Я привожу все эти примеры, потому что за «словесной» борьбой стояла жизненно важная ленинская борьба, — как говорится, не на жизнь, а на смерть — за бытие социализма на Руси. Весь лондонский период жизни Ленина прошел в этой борьбе. Но, кроме леса «уклонов», среди которого приходилось ему прорубать дорогу, стеной наступали на Ильича личные на него нападки. Человека, вошедшего в нашу эпоху безмерно деликатным и скромным, чутким и добрым, простым и равным — и любимым за это как никто другой на земле, — этого человека в чем только не обвиняли! В антидемократизме, догматизме, насилии над чужим мнением, желании диктаторства, зажиме критики, «литературщине»[79] и даже horribile dictu[80] — в создании культа своей персоны! Но на личные нападки Ильич отвечал почти равнодушно и даже с иронией. Когда кто-то спросил у него, что представляет собой группа «Борьба», он ответил репликой в «Искре», что это бывшие сотрудники «Зари», несколько статей которых редакция отклонила. Тогда они выступили в печати, «жалуясь на наш «недемократизм» и ратуя даже… против Personencultus! Как опытный человек, вы уже из одного этого, бесподобного и несравненного, словечка поймете, в чем тут суть»[81], — пишет Ильич и отсылает своего корреспондента посмотреть относительно «демократизма» в «Что делать?». Кстати сказать, «Personencultus»[82] — словечко немецкое. Переведя его у нас как «культ личности», мы лишили это слово его более узкого и мелкого смысла. В точности оно означает «персональный культ». Это далеко не совпадает со словом «личность», имеющим в нашем понимании более положительный и глубокий смысл, чем «персона», которая может и не быть личностью, а претендовать на культ по своему служебному положению. Применение этого немецкого словечка к Ленину было не только оскорбительно — оно было смешно по своей нелепости. Вот почему Ленин иронически назвал его «бесподобным и несравненным». Но личные нападки не могли все же, вплетаясь в идейную борьбу, не запутывать этой борьбы, не изводить и не мучить его. «Нервы у Владимира Ильича так разгулялись, что он заболел тяжелой нервной болезнью — «священный огонь», которая заключается в том, что воспаляются кончики грудных и спинных нервов»[83], — писала в конце лондонского периода Надежда Константиновна.

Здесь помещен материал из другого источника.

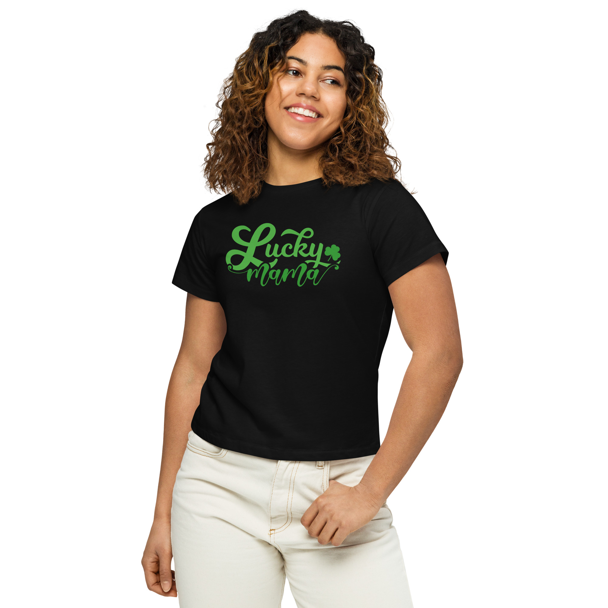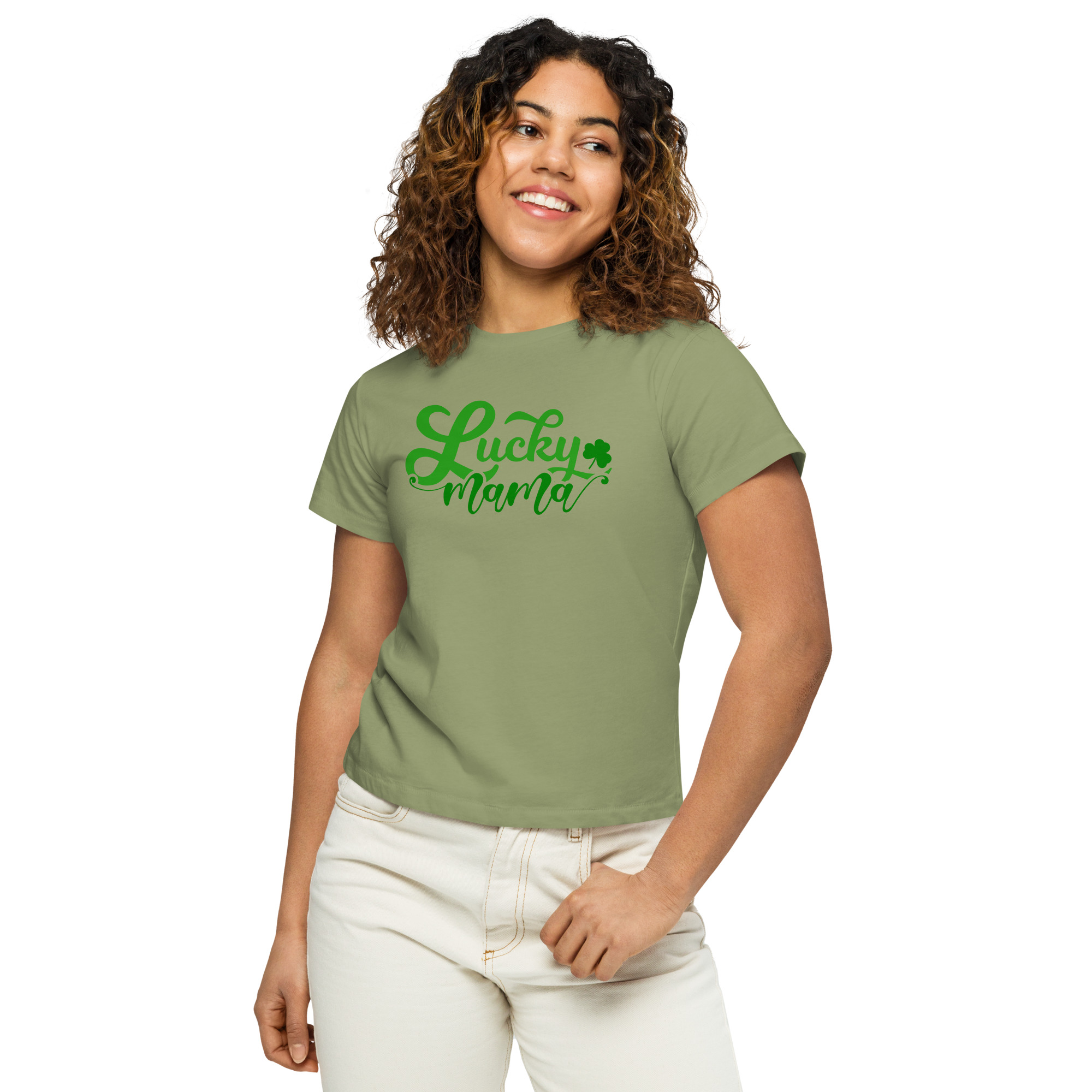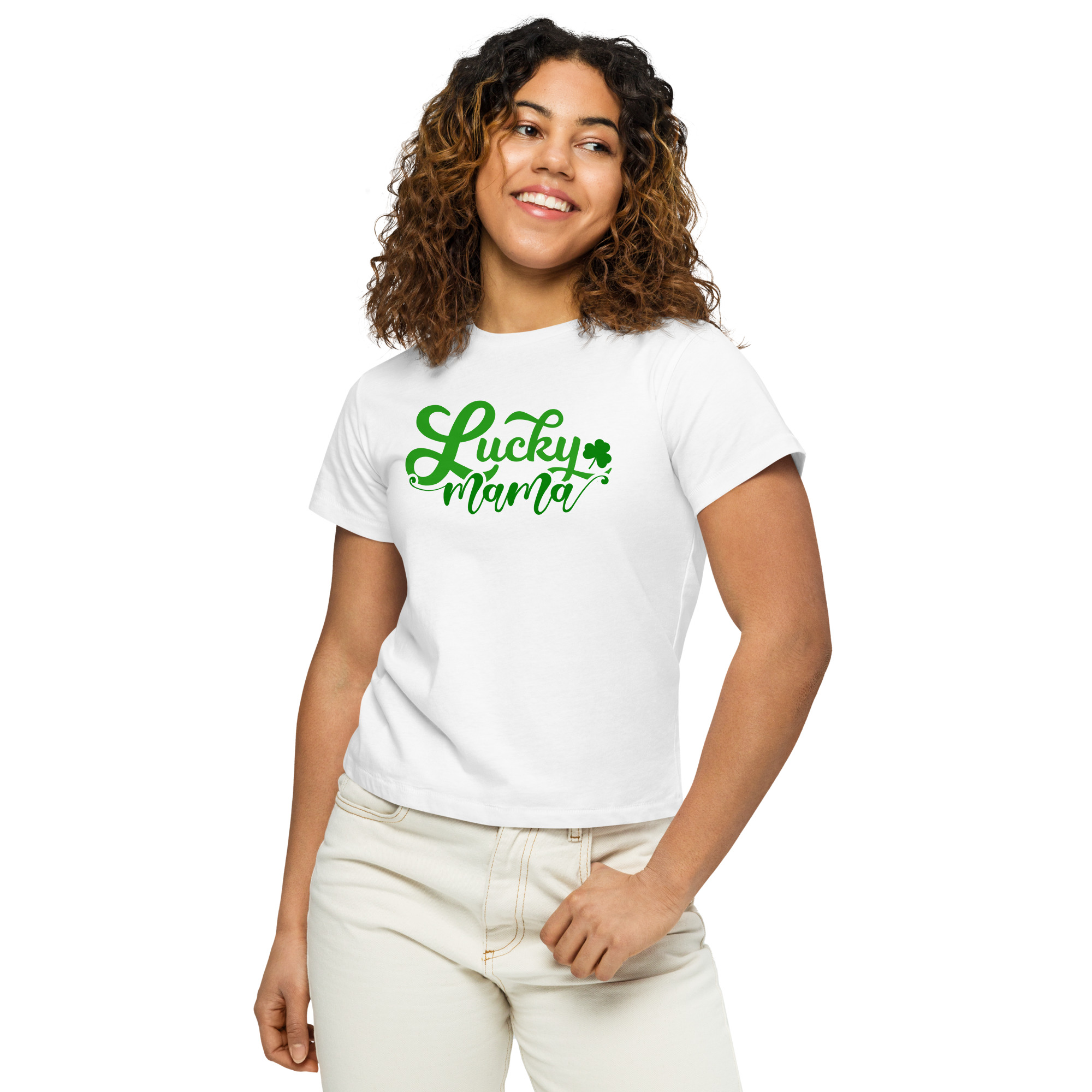 Lucky Mama, St. Patrick’s Day Women’s high-waisted t-shirt. Made of 100% combed and ring-spun cotton, this t-shirt is ultra soft and smooth against the skin. With its flattering, longline fit and crew neck, this tee will look best paired with high-waisted bottoms.

И все же, опять повторяю, Ленин любил Лондон, любил свое пребывание в Лондоне, свой стол в Библиотеке Британского музея, за которым так отчеканенно-ясно, так легко писалась его работа «К деревенской бедноте» — сгусток почти годового чтения «по земельному вопросу». Когда вся группа «Освобождение труда» во главе с Плехановым стала настойчиво требовать перенесения «Искры» в Женеву и всеобщего переезда в Швейцарию, Ленин долго сопротивлялся. Он не хотел переезжать из Лондона в Швейцарию. И до самого конца «один только Владимир Ильич голосовал против переезда туда»[84].
9
«Личные моменты» в произведениях Ленина особо заметны как раз в этот лондонский период. Они помогают понять ту внутреннюю диалектику его писаний, какая попросту ускользает от читателя, прошедшего через старые формы нашей обязательной партучебы. Была у нас такая «выборочная» манера — «задавать» Ильича кусками: не всю книгу, а «от — до». Работы Ленина делились для нас на места «более важные» и «менее важные», и читать надо было только самые важные — отмеченные группы страниц, иногда отдельные страницы книги и даже отдельные абзацы в страницах. Мне, например, казалось, что я наизусть знаю «Что делать?» — еще бы: «сдала на экзамене» (слово-то какое: «сдать»!). Но, прочитав перед занятиями в лондонской Библиотеке Британского музея тома 5-й и 6-й четвертого издания, убедилась, как эта особая внутренняя ленинская диалектика вся ушла сквозь пропущенные школьной партучебой страницы, словно рыба через слишком большие ячеи рыбачьей сети.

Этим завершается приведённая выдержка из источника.